Comprehensive and quality education promotes understanding, tolerance and peaceful coexistence among individuals and communities. Moreover, education has the potential to reduce the potential for conflict by promoting critical thinking, encouraging open dialogue, and creating opportunities for economic growth. With more than two decades of experience in low-income countries, including conflict-affected countries, the world urgently needs to recognize the role of education in promoting more peaceful societies and significantly increase its support for education systems..
the challenge
• Too often attention focuses on how violence and conflict disrupt the learning process, rather than on how learning contributes to peace.
• From Latin America to Eastern Europe to the Middle East, conflicts are diverting attention away from the need to support education as a path to peace at a time when nearly a quarter of a billion children in low-income countries globally are out of school.
• The relationship between education’s contributions to more peaceful societies has been little researched, providing only a partial picture for governments and donors when making critical investment decisions.
Duration, quality and comprehensiveness:
How education supports peace
The Global Partnership for Education (GPE) and the Institute for Economics and Peace (IEP) have collaborated on research that underscores the potential of education to build peaceful societies. The harmful effects of conflict and protracted crises on education are well known, but this study aims to delve into the relationship between education as a driver and pillar of peaceful societies, based on exploratory research examining important connections between the two.

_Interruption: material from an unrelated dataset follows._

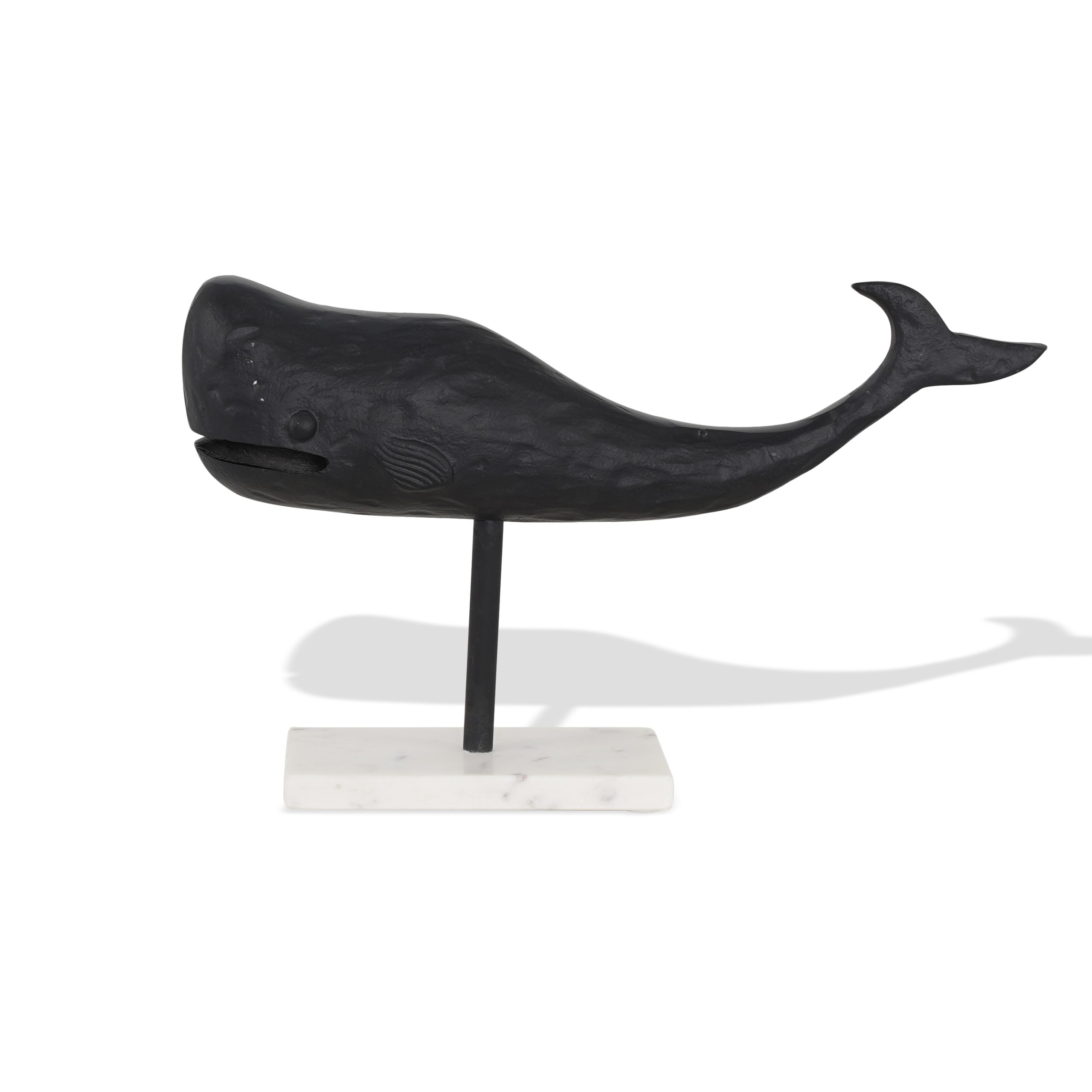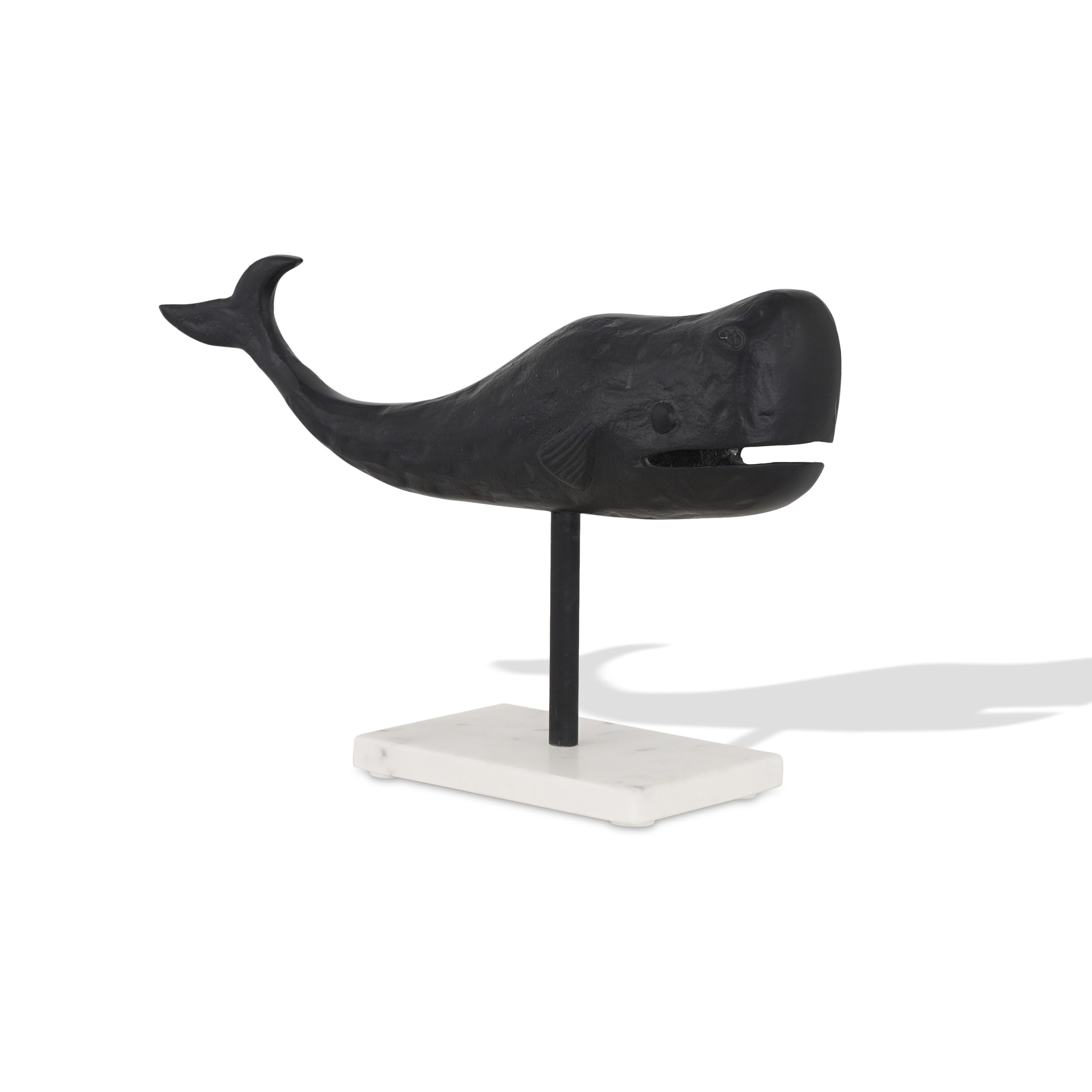 تمثال حوت معدني مطلي بمسحوق أسود على قاعدة من الرخام الأبيض

While the results of this exploratory study cannot be interpreted causally, there are a number of statistically significant associations linking good education to more peaceful and stable societies:
• Countries with higher rates of school completion generally have fewer recorded conflicts. This finding applies particularly to high school completion rates.
• Countries with higher female school completion rates, especially at the primary level, tend to have fewer conflicts.
• Higher rates of primary and middle school completion show positive associations with factors known to create and maintain peaceful societies.
• Improving the quality of education can reduce the risk of conflict by promoting economic development and social equality. Good education is also associated with shorter conflicts.
• The number of years of education in school is the strongest correlation in reducing various forms of violence.
Education and ways of peace
East Timor has moved from conflict to stability, culminating in the withdrawal of UN peacekeepers in late 2012, successful elections and a peaceful transfer of power, most recently in 2022. At the same time, lower secondary school completion rates have risen dramatically from 67 % (2010-2015). ) to 91% (2017-2022). This progress, supported by more than $32 million from the Global Partnership for Education since 2006, indicates a parallel between educational progress and peace stability.
Nepal approved a new constitution in 2015, creating a democratic system after a civil war between 1996 and 2000. Over the past two decades, Nepal has more than doubled per capita education spending, with a focus on improving learning outcomes and equitable access. In parallel with improved high school completion rates, Nepal has moved up 30 places in global peace rankings since 2008, driven by a decline in the intensity of internal conflict. Investments in education, including $236 million in Global Partnership for Education support since 2009, have likely contributed to the gradual improvement of peace in Nepal over time. At the same time as the country's high school completion rates more than doubled, Nepal saw its Persistent Conflict score on the Global Peace Index improve by 15.3%.